Chapter 25:Neural Mechanisms of Cardiac Pain: Angina Pectoris
        

Angina pectoris and myocardial ischemia

Perhaps surprisingly, it was only about a century ago that angina pectoris was linked to myocardial ischemia (Keefer and Resnic, 1928).

In a normal heart, the oxygen supply to the myocardium can be increased six-to-eightfold through an autoregulatory response to meet the increased metabolic demand for a high workload, such as occurs in exercise (Maseri, 1995).

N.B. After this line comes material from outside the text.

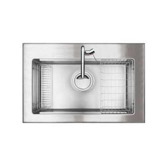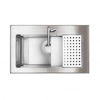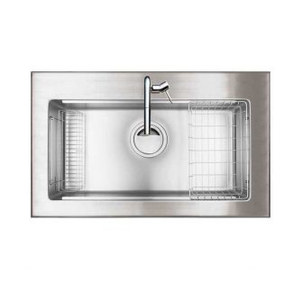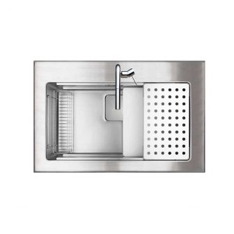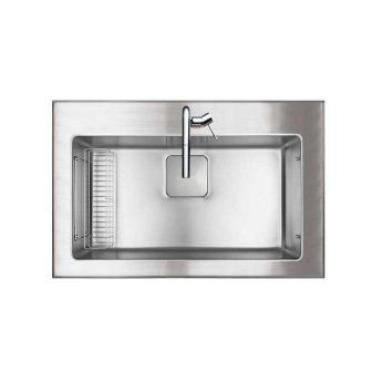 外寸W900xD580xH200|内寸W760xD410xH1951段レール付スクエアシンク SUS排水一体型

However, patients with a critical atherosclerotic stenosis (i.e. > 75% narrowing) in one or more coronary arteries are not able to sufficiently increase the oxygen supply to meet the increased metabolic demand of cardiac myocytes during exercise. The subsequent myocardial ischemia produces a metabolic imbalance between glucose oxidation and glycolysis and is responsible for alteration in excitation-contraction coupling with evolving (regional) contraction failure.

In the ischemic heart, both in stable circumstances and predominantly during physical exercise, the "anginal warning signal" is transmitted to the central nervous system through sensory neural pathways (Rosen et al., 1994).

A number of substances, such as potassium, lactate, adenosine, bradykinin, and prostaglandins, are released from the ischemic regions of the heart (Sylven, 1989). These substances sensitize and excite the sensory nerve endings in the heart (Malliani, 1988; Nerdrum et al., 1986).

The provoked visceral nociception is characterized by its vaguely located "emotionally charged" distribution and by the influence of emotions on the experience of the anginal pain. In this respect, it is worth noting that mental stress appears to produce similar myocardial ischemic alterations as does physical exercise (Deanfield et al., 1984).